Władysław Glinka supported the incorporation of Belarusian lands into Poland, viewing Belarusians as a "barbaric population" unfit to be considered the "spiritual masters of the land" they inhabited, while Poles in the east too readily abandoned their role as "hosts and guides".

In ecclesiastical matters, he advocated for Ultramontanism.

=== Personal life ===
While in Paris, he met his future wife, Joanna de Calonne, the daughter of his lyceum professor. They married on 23 June 1889. They had three children: Jan (1890–1963), Magdalena (1893–1917), and Stefan (1900–1940).

=== Death and burial ===
He died of a heart attack on 21 September 1930 in Warsaw and was buried at the cemetery in Rzekuń near Ostrołęka.

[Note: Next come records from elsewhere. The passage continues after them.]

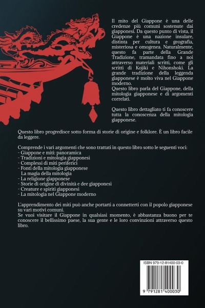 QUANTO SAPPIAMO DELLA MITOLOGIA GIAPPONESE? LE UNICHE NOZIONI CHE CONOSCIAMO SONO QUELLE APPRESE A SCUOLA... MA C'È TUTTO UN MONDO NASCOSTO DA SCOPRIRE, GRANDI LEGGENDE E RACCONTI SPAVENTOSI DI MITI E DEMONI MAI RACCONTATI CHE TI IMMERGERANNO DAVVERO NELLA VERA CULTURA GIAPPONESE! Il mito del Giappone è una delle credenze più comuni detenute dai giapponesi. In questa visione, il Giappone è una nazione insulare, distinta in termini di cultura e geografia, misteriosa e omogenea. Naturalmente, questo fa parte della Grande Tradizione, tramandataci attraverso materiali scritti, come gli scritti Kojiki e Nihonshoki. La Grande Tradizione della leggenda giapponese è molto viva nel Giappone moderno. Questo libro parla del Giappone, della mitologia giapponese e di argomenti correlati. Questo libro dettagliato ti fa conoscere tutta la conoscenza della mitologia giapponese. Questo libro procede sotto forma di storie di origine e folklore. È un libro facile da leggere. Questo libro comprende vari argomenti che sono trattati in questo libro sotto i seguenti titoli: ¿ Giappone e miti: panoramica ¿ Tradizioni e mitologia giapponesi ¿ Complessi mitici periferici ¿ Fonti della mitologia giapponese ¿ La magia della mitologia ¿ La religione giapponese ¿ Storie di origine di dei e dee giapponesi ¿ Creature e spiriti giapponesi ¿ Mitologia nel Giappone moderno Questo libro è interessante se sei nuovo nella mitologia giapponese. Imparare a conoscere i miti può anche portarti a entrare in contatto con il popolo giapponese su vari motivi comuni. Se vuoi visitare il Giappone in qualsiasi momento presto, è abbastanza buono per te conoscere il bellissimo paese, la sua gente e le loro convinzioni attraverso questo libro.Allora, cosa stai aspettando?Approfitta di questa opportunità e prendi subito la tua copia.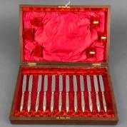 Twaalf messen met 2e gehalte zilveren heften, puntfilet, brutogewicht 576 gram, in mahonie cassette -cassette geschikt voor meer bestekdelen-, 20,5 cm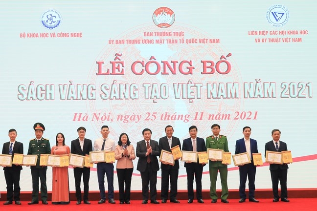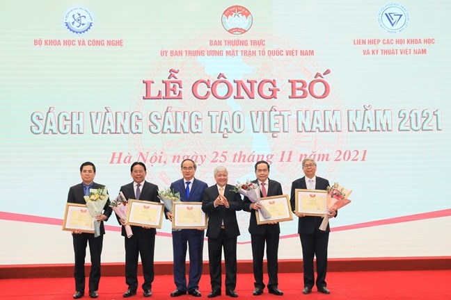 Chiều 25/11, Ban Thường trực Ủy ban Trung ương MTTQ Việt Nam phối hợp với Bộ Khoa học và Công nghệ, Liên hiệp các Hội Khoa học và Kỹ thuật Việt Nam và các cơ quan liên quan tổ chức Lễ công bố Sách vàng Sáng tạo Việt Nam năm 2021.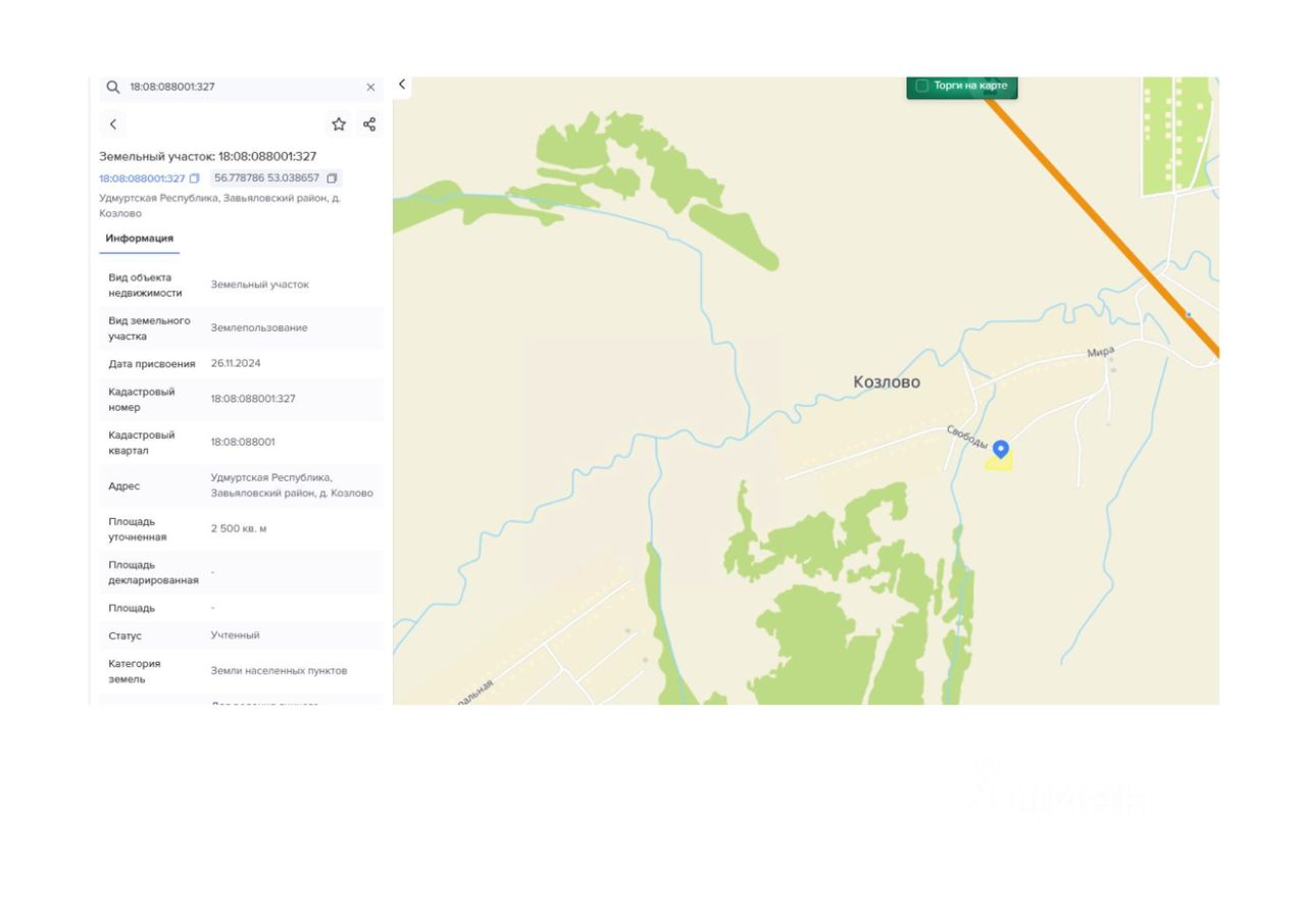 Земельный участок с кадастровым номером 18:08:088001:327 площадь 2500 по адресу Удмуртская Республика, Завьяловский район, д. Козлово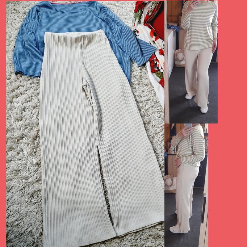 Стильные широкие штаны палаццо в рубчик в молочно/кремовом цвете, состояние идеальное, размер указан 42, на фото на 40 и рост 170. Замеры ПОТ 38-80 ПОБ 52-80 Посадка 33/41 Длина 106/75 1/2ширина штанины верх 34+ низ 34+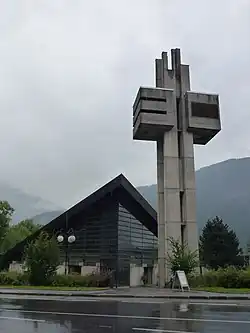 Der moderne Kirchenbau bei der Brücke über den Gurglbach wurde von 1965 bis 1967 nach Plänen des Architekten Norbert Heltschl errichtet und am 12. November 1967 geweiht.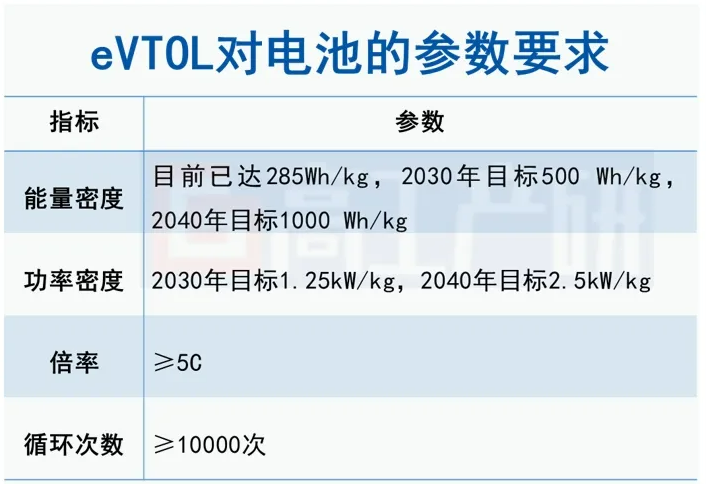 同时,极高的安全性也对航空电池带来了极大的挑战。美国FAA第23部分认证要求是使发生事故的概率在千万分之一,而欧盟EASA要求的是十亿分之一的事故率。此外,在与eVTOL飞行性能有关的比功率(功率密度)和决定电池的寿命的循环次数方面,eVTOL对电池的要求也更加严苛。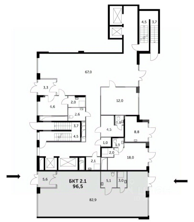 979964-s . Предлагаем помещение свободного назначения формата street-retail в ЖК "Sydney City", площадью 96.5 кв. м, расположенное на первом этаже 44 этажного жилого дома.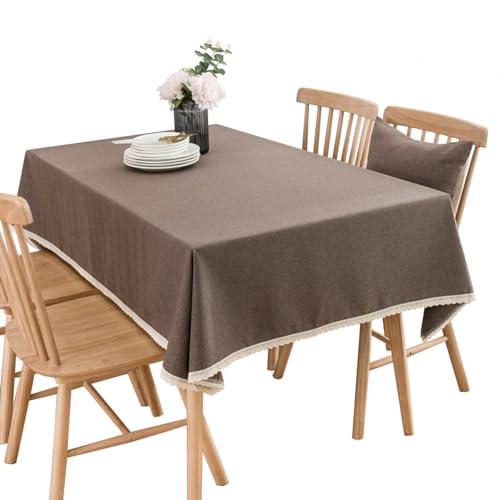 BHOMTY Nappe rectangulaire en Coton et Lin pour Table à Manger, Table Basse, Bureau Lavable en Machine Marron Foncé 120 x 120 cm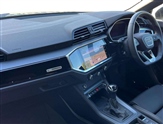 Amazon alexa Integration, Audi connect safety and service, Audi drive select, Audi lane departure warning, Audi Virtual Cockpit - 10.25"display, Bluetooth interface, Camera based traffic sign recognition, Distraction and Fatigue warning, Legal emergency call, MMI Navigation Plus with high resolution 10.1 inch touchscreen colour display, Power operated tailgate, Progressive steering, Service interval indicator, Smartphone interface includes wireless Apple carplay/Android Auto, Start stop system with recuperation, Voice control system with natural language interaction, Sports suspension, 2 USB-C ports with charge and data functions, 6 passive loudspeakers, DAB digital radio module, Acoustic windscreen, Audi Beam uses LEDs to project the Audi logo onto the ground as you exit your Q3, Auto dimming door mirrors, Auto dimming frameless rear view mirror, Black roof rails, Electrically folding, adjustable and heated door mirrors with integrated LED side indicators and kerb view function for passenger side, Front and rear electric windows, Front fog lights, Grille vertical bars in aluminium silver/Matt, High gloss black finish B and C pillars, LED Dynamic rear indicators, LED headlights with LED daytime running lights, LED rear lights, LED third brake light, Privacy glass dark tinted rear and rear-side windows (from B-pillar backwards), Rain and light sensors, Rear diffuser grille in grained matt black, Rear diffuser strip in matt anthracite black, Rear side wing doors, Rear wiper, S line bumpers in contrasting Manhattan grey, Variable front intermittent wipers, 12V socket in rear centre console, 3 seat bench in 2nd row, 40:20:40 folding with manual adjustment for 60:40 forwards/backwards position and backrest angle, Adjustable rear seat bench/backrest with centre armrest and cupholder, Black cloth headlining, Dual zone electronic climate control, Electric lumbar support, Front and rear black floor mats with contrast stitching in rock grey, Front and rear headrests, Front centre armrest, Height and reach adjustable steering wheel, Illuminated door sill trims with S logo, ISOFIX child seat mounting for front passenger with airbag deactivation and outer rear seat including top tether attachment point for outer rear seats, Manual front seats with height adjustment, Perforated leather gearknob, Single front passenger seat, Stainless steel luggage compartment sill finisher, Stainless steel pedals, Twin leather upholstery with front sport seats + S embossing, Black styling pack - Q3, Non smoking pack - Q3, 3x3 point rear seatbelts, 6 airbags - Driver, front passenger, curtain and side windows, Audi pre-sense front with pedestrain and cyclist recognition, Electrically operated child locks on rear doors, Electromechanical parking brake, Electronic stabilisation control including ABS, ASR and EDL, Front seatbelt reminder, Hill descent control, Hill hold assist, Pre sense basic, Seatbelt monitoring, Tyre pressure warning, Warning triangle and first aid kit, Anti theft alarm, Anti theft wheel bolts, Immobiliser, Remote central locking, Aluminium look interior elements, Detail dashboard around MMI touch colour display in glass look, black with surround in aluminium look, Leatherette door armrest, Piano black inlay,

== Orders and decorations ==
- Commander's Cross of the Order of Polonia Restituta (7 November 1925).
- Commander of the Legion of Honour (France).

== Publications ==
=== Books ===
- Panna Żabińska (Panna Żabińska, Breeding Farm in Kaczynów, Maligna, Antosia, Philosopher, Excerpt from Helena P.’s Diary), under the pseudonym "Trzaska" (Warsaw, 1901)
- Bolshevism and the Agrarian Question in Poland (Warsaw, 1918)
- Memoirs of the Great War (Warsaw, vol. I – 1927, vols. II-IV – 1928)

=== Selected articles ===
Published in: "Agricultural Gazette", "Głos", "Czas", "Landowners’ Review", "Warsaw Courier".